もちろん、F/T14になって初めて認められた事象はこれだけではない。以下、今回のF/Tに関して従来のそれと比べて変化した点を整理したい。
1.〈異業種〉の作り手たちによる協働作業
F/T14の「トピックス紹介ブック」(以下「紹介ブック」)の表紙裏に記された文には、「国、社会、環境、様式、立場など、さまざまな制約をしなやかに超えていく、多元的な演目が数多く設定された」とある。これに即して言えば、従来のF/Tの演目も十分「多元的」であり、方針が大きく変わったようには思われない。

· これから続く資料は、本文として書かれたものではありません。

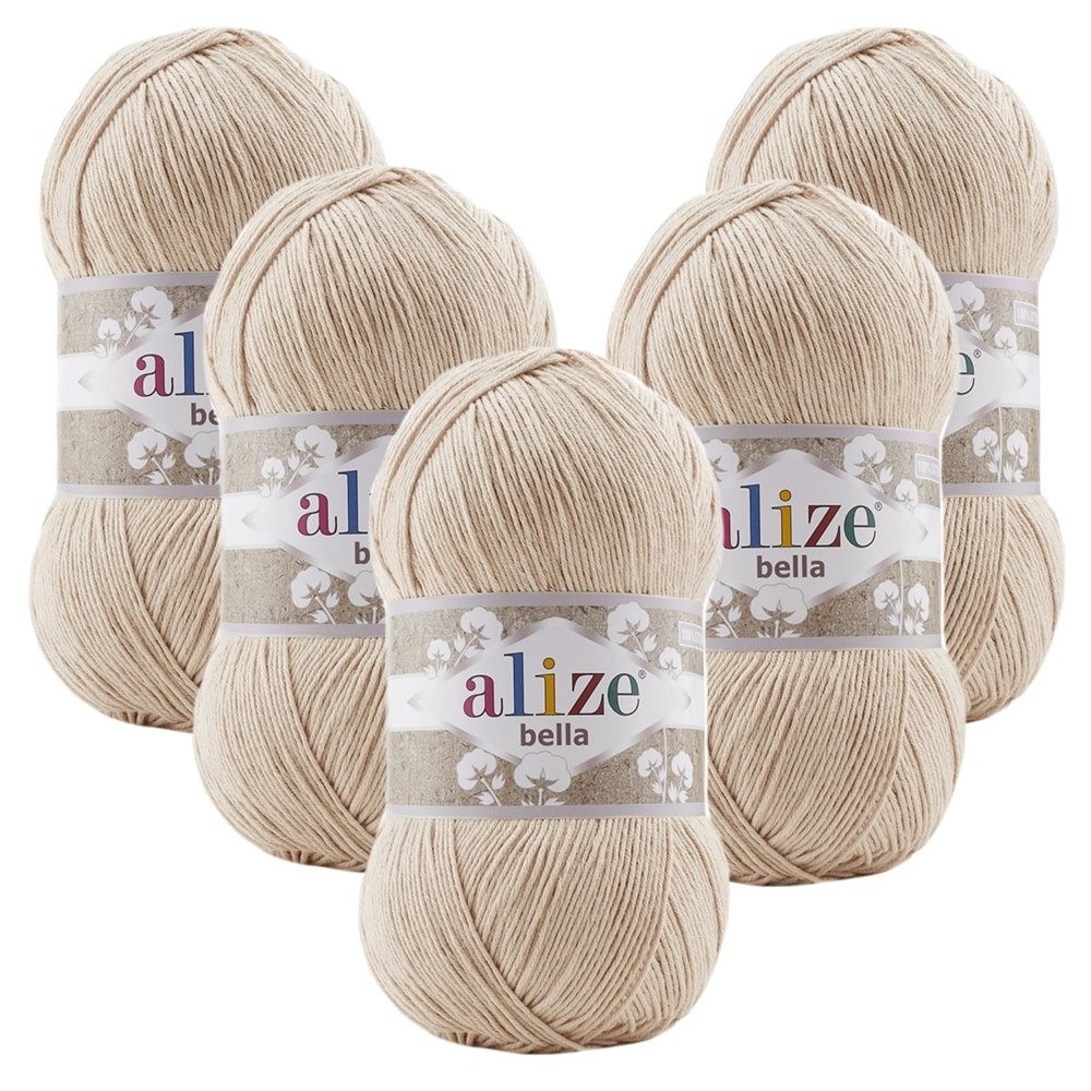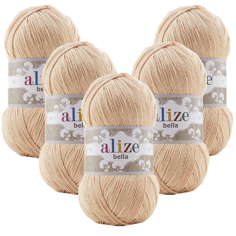 Alize Bella ist ein wunderschönes, dünnes Garn aus reiner Baumwolle. Die Wolle ist zum Stricken und Häkeln von Kleidung für warme Tage und Accessoires geeignet.

とはいえ、「様式」や「立場」の多元性という点では、今回はいわゆる〈異業種〉の人々の協働作業がより目立ったように思われた。つまり、『羅生門|藪の中』(註1)や『春の祭典』(註2)の場合のような、普段は別個に活動している演出家、振付家、造形美術作家、音楽家による仕事、あるいは『動物紳士』の振付家(森川弘和)と舞台美術家(杉山至)の場合のように、舞台芸術を仕事の場とすることでは共通しても、これまで密な協働作業を行ってこなかった人々による仕事である。これらの成果には一定の目新しさはあった。だが、個々の作り手の仕事が十分有機的に連関しているようには思われず、かといって、連関させないことが意図だとも思われず、発展途上にある印象が残った。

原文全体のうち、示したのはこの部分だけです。